What follows is a review of two important studies pertaining to stroke, both published around the same time. Each had significant implications for stroke care, but only one has made an impression on the mainstream medical community. I’ll leave it to you to draw your conclusions about why this might be.
Study 1: The Kitava Stroke Study
In 1993, Stefan Lindeberg and colleagues published a study entitled “Apparent absence of stroke and ischaemic heart disease in a traditional Melanesian island: a clinical study in Kitava” in the Journal of Internal Medicine. Kitava is an island in Papua New Guinea, its inhabitants are the Kitavans. They are one of the last remaining populations of hunter-gatherers whose diet is largely untainted by the products of modern agriculture and technology. As such, they offer a rare opportunity to examine the health consequences of the modern lifestyle, including our post-agricultural diets.

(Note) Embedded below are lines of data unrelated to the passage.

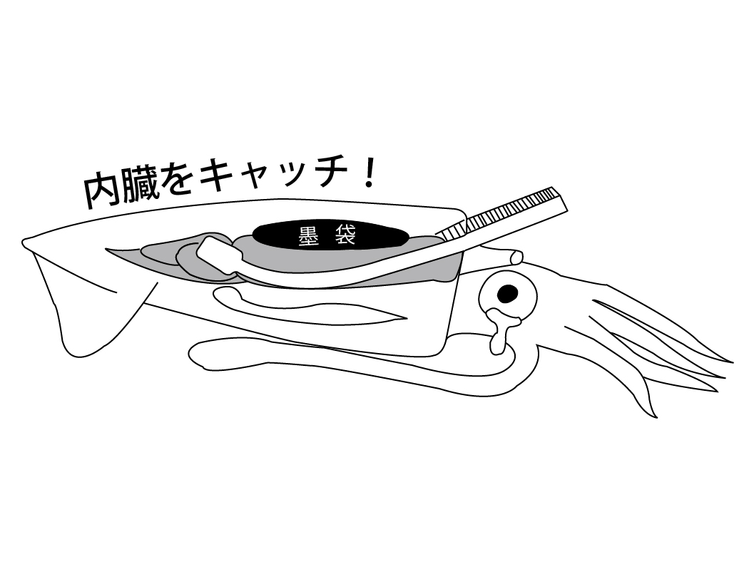 墨袋を挟まずに、墨袋の周りの内臓ごと引き抜く!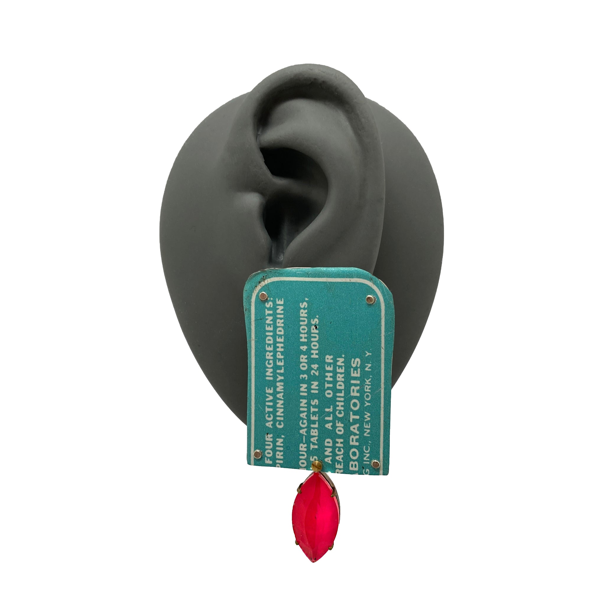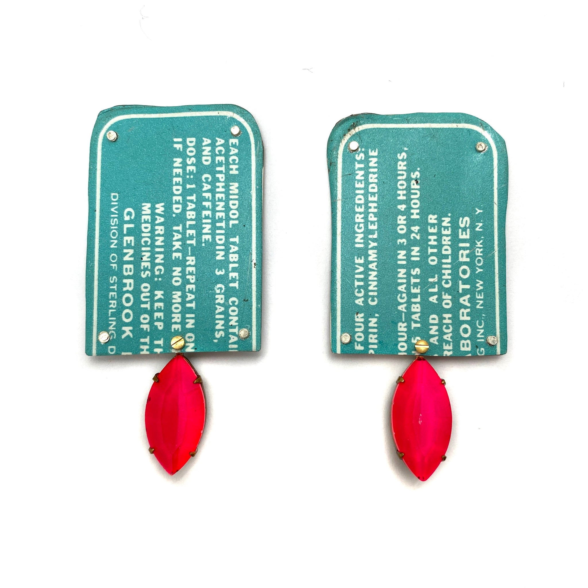 Bold, beautiful and with a hint of Barbie pink, these earrings from Carin Jones are one of a kind. This fresh pair are made with vintage Midol tins and accented with a hot pink acrylic 'gem'.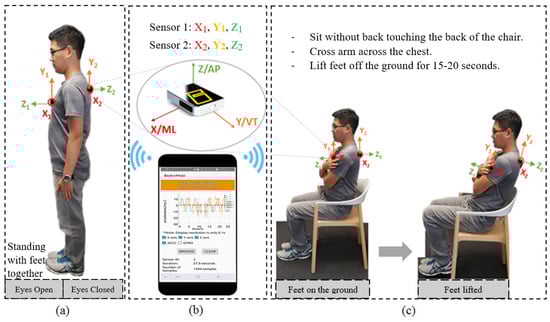 (a) Romberg test; (b) BioKin system; (c) Trunk test.
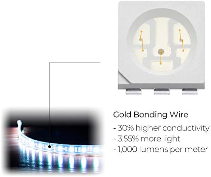 ➤Maximum Brightness: LEDs with gold bonding wires – 30% higher electrical conductivity, 3.55% more light than the cost-effective material copper; 60 LEDs per meter, up to 1,000 Lumens per meter.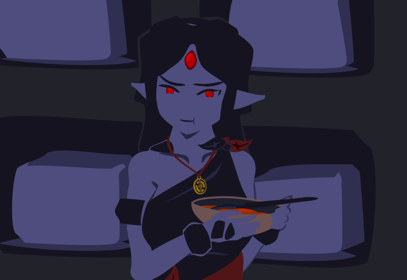 >The mention of Glutinous Ogre reminded me that Hin has Gluttonous Ogre. Given that she resists ingested poisons and curses and gains a boost of health simply from eating, shouldn't she be munching on imp jerky whenever she's exerting herself? That might help making a dent in the corpse supply.

Prior to the publication of the study, Lindeberg and his colleagues had performed a systematic examination of the Kitavan’s health. As part of this effort, they attempted to search and record cases of stroke.
They didn’t find any.
Not only did they not find any cases amongst the living residents, they didn’t find any inhabitants who could recall a deceased resident having experienced anything resembling a stroke – this in spite of their detailed knowledge of prior generations. In fact, the notion that a person could be suddenly stricken with an inability to speak or move was altogether foreign to them. Amongst the physicians on the Trobriand Islands and in other parts of New Guinea, Lindeberg’s findings weren’t surprising. They’d considered the absence of stroke in the aboriginal populations an established fact (and one that couldn’t be explained by a lack of elderly residents).
As remarkable as this sounds, these findings were not unprecedented. On the contrary, an absence of stroke amongst native populations in various parts of the world had been reported many times before. A 1944 study reviewing the records of 269 consecutive patients treated for neurological disease at a clinic in Kampala, Uganda found not a single case of stroke. Relatedly, a review of 3,000 autopsies performed in Uganda during the 1930s and 1940s showed not one ischemic stroke (and only four cerebral hemorrhages). As the Uganda natives transitioned to modern life and diet, however, things began to change for the worse. By 1968, stroke had gone from non-existent to the most common neurological diagnosis — a story familiar to anyone acquainted with the literature on diseases of civilization.
Lindeberg’s Kitava study, then, was not an isolated finding. It corroborated the experience of so many others in the medical field who had spent time caring for hunter-gatherer populations. But it was one of the most systematic and rigorous accountings of stroke in a native society, and had the benefit of being published in a widely circulated, peer-reviewed medical journal.
Surely, then, a finding this improbable — an entire civilization free of stroke — would ripple through the medical community. After all, the potential public health implications are enormous — it’s hard to even fathom a world without stroke.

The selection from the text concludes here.